Estate Planning.  A revocable trust is trust that could be amended and cancelled.  Revocable trusts are used primarily as probate avoidance devices.

A revocable trust is a trust that the person who creates it, generally called the settlor, can revoke during the person’s lifetime.  During the time a trust is revocable, the trustee of that trust owes his/her duties not to the beneficiaries listed in the trust, but to the settlors of the trust.  That is because the property transferred into a revocable inter vivos trust is considered the property of the settlor for the settlor’s lifetime and the beneficiaries’ interest in that property is merely potential and can evaporate in a moment at the whim of the settlor.  Since a revocable trust can be amended or cancelled, a settlor of a revocable trust may amend the beneficiaries named therein or may cancel the trust altogether, which would result in the trust property being transferred back to the settlor.

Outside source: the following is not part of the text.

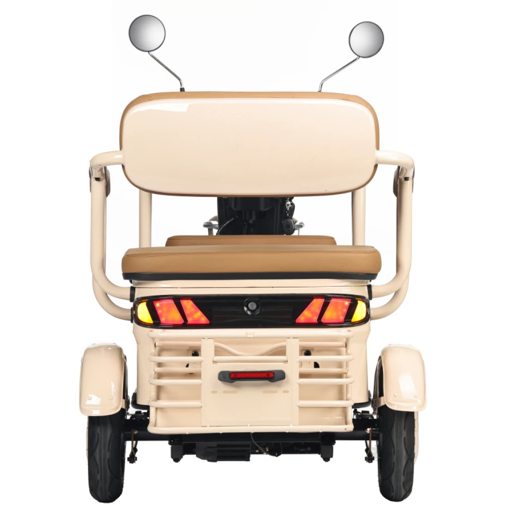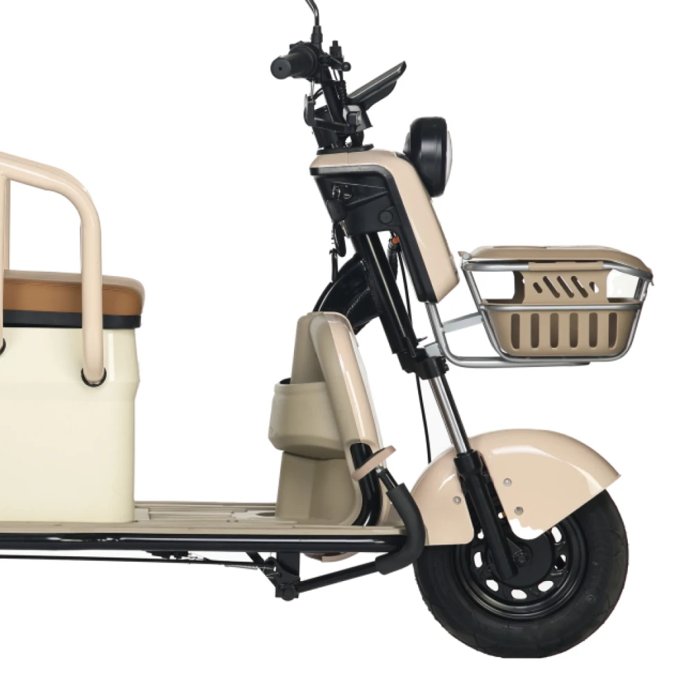 Электротрицикл Rutrike Gelbert Atlas 48V/60V 600Вт – это современное транспортное средство, созданное для комфортного передвижения в условиях города и за его пределами. Модель выделяется элегантным бежевым оттенком, придающим ей утончённый и стильный вид, а также продуманной компоновкой, которая обеспечивает отличную устойчивость и удобство управления.Благодаря двигателю мощностью 600 W, работающему на диапазоне напряжения 48/60 V, Atlas уверенно стартует и поддерживает стабильную динамику, достигая максимальной скорости до 25 км/ч – оптимального показателя для спокойного городского движения. Компактные 8‐дюймовые колеса способствуют надежному сцеплению с дорогой, что особенно важно при маневрировании в условиях ограниченного пространства.С весом 95 кг и способностью выдерживать нагрузку до 190 кг, этот электрический трицикл демонстрирует баланс между легкостью и прочностью конструкции. Его габаритные размеры (148×81×65 см) позволяют устройству занимать минимальное пространство при хранении и транспортировке, оставаясь при этом функциональным и устойчивым на дороге.Электротрицикл Atlas от Gelbert спроектирован с учетом современных требований безопасности и удобства эксплуатации – надежная система торможения в сочетании с продуманной эргономикой делает каждую поездку не только комфортной, но и безопасной. Эта модель станет отличным выбором для тех, кто ищет практичное и стильное решение для повседневного передвижения, совмещающее высокую технологичность с оригинальным дизайном.

Importantly, a revocable trust cannot be used to shield the settlor’s property from his/her creditors.  In many jurisdictions, the law does not distinguish between property held in a revocable trust and property owned by the settlor of such a revocable trust.  The settlor of a revocable trust with the power to revoke effectively retains full ownership and control over any property transferred to that trust.  Thus, creation of a revocable trust does not prevent creditors of the settlors – who are often also the trustees and the sole beneficiaries during their lifetimes – from reaching the trust property.